Solubility in Formulation 1: ≥ 2.5 mg/mL (3.85 mM) (saturation unknown) in 10% DMSO + 40% PEG300 + 5% Tween80 + 45% Saline (add these co-solvents sequentially from left to right, and one by one), clear solution. For example, if 1 mL of working solution is to be prepared, you can add 100 μL of 25.0 mg/mL clear DMSO stock solution to 400 μL PEG300 and mix evenly; then add 50 μL Tween-80 to the above solution and mix evenly; then add 450 μL normal saline to adjust the volume to 1 mL. Preparation of saline: Dissolve 0.9 g of sodium chloride in 100 mL ddH₂ O to obtain a clear solution. Solubility in Formulation 2: ≥ 2.5 mg/mL (3.85 mM) (saturation unknown) in 10% DMSO + 90% (20% SBE-β-CD in Saline) (add these co-solvents sequentially from left to right, and one by one), clear solution. For example, if 1 mL of working solution is to be prepared, you can add 100 μL of 25.0 mg/mL clear DMSO stock solution to 900 μL of 20% SBE-β-CD physiological saline solution and mix evenly. Preparation of 20% SBE-β-CD in Saline (4°C，1 week): Dissolve 2 g SBE-β-CD in 10 mL saline to obtain a clear solution. Solubility in Formulation 3: ≥ 2.5 mg/mL (3.85 mM) (saturation unknown) in 10% DMSO + 90% Corn Oil (add these co-solvents sequentially from left to right, and one by one), clear solution. For example, if 1 mL of working solution is to be prepared, you can add 100 μL of 25.0 mg/mL clear DMSO stock solution to 900 μL of corn oil and mix evenly.  (Please use freshly prepared in vivo formulations for optimal results.)

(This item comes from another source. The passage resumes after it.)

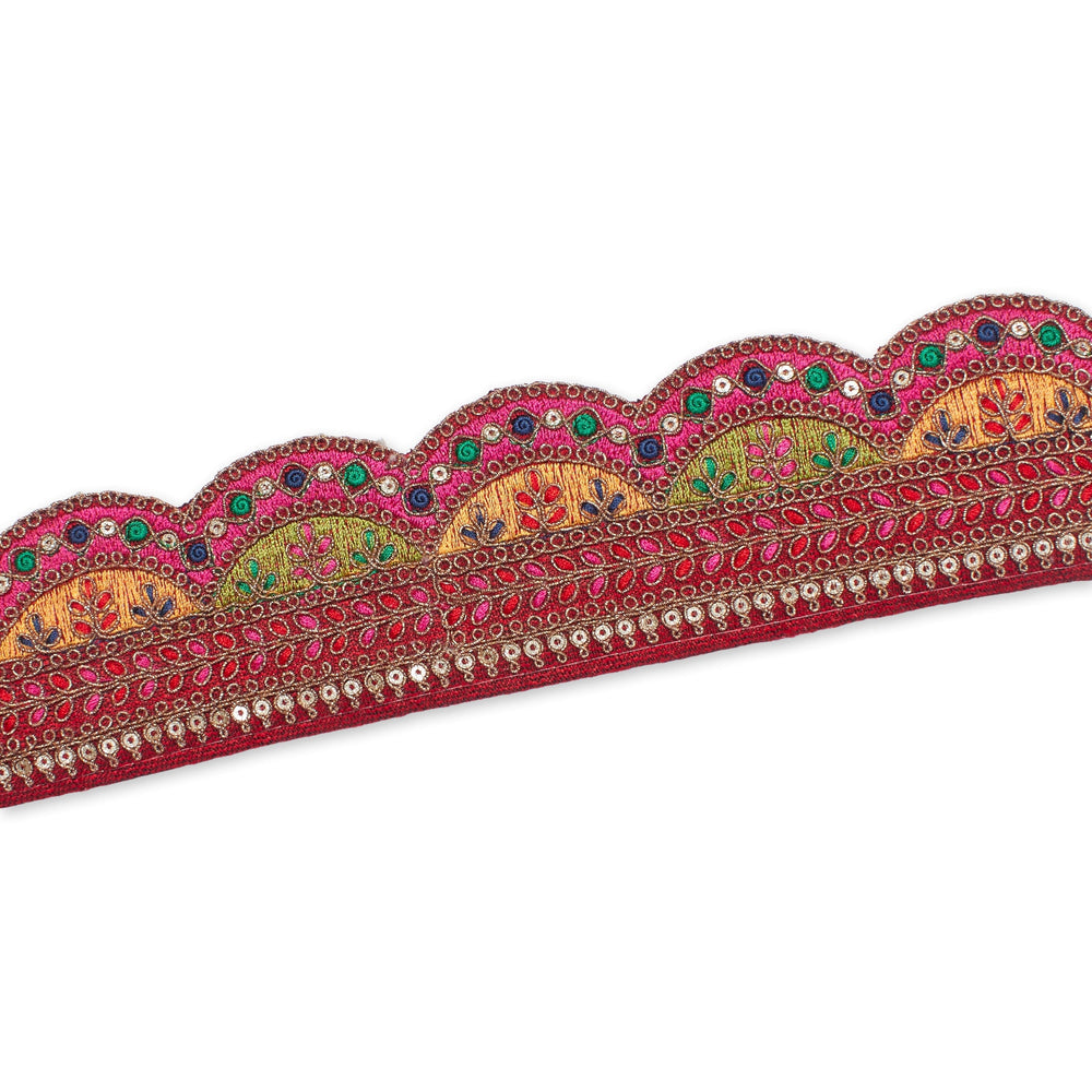 2.25 Inch Multicolor Metallic Leaf Sequin Corded Woven Embroidered Trim can be used to decorate the edges of apparel or decor. Embellish and finish dresses, sarees, button down shirts, and other apparel with this trim. Additionally, 2.25 Inch Multicolor Metallic Leaf Sequin Corded Woven Embroidered Trim can be used to adorn decor like furniture upholstery, curtains, and table covers.

Preparing Stock Solutions		1 mg	5 mg	10 mg
	1 mM	1.5392 mL	7.6959 mL	15.3917 mL
	5 mM	0.3078 mL	1.5392 mL	3.0783 mL
	10 mM	0.1539 mL	0.7696 mL	1.5392 mL

*Note: Please select an appropriate solvent for the preparation of stock solution based on your experiment needs. For most products, DMSO can be used for preparing stock solutions (e.g. 5 mM, 10 mM, or 20 mM concentration); some products with high aqueous solubility may be dissolved in water directly. Solubility information is available at the above Solubility Data section. Once the stock solution is prepared, aliquot it to routine usage volumes and store at -20°C or -80°C. Avoid repeated freeze and thaw cycles.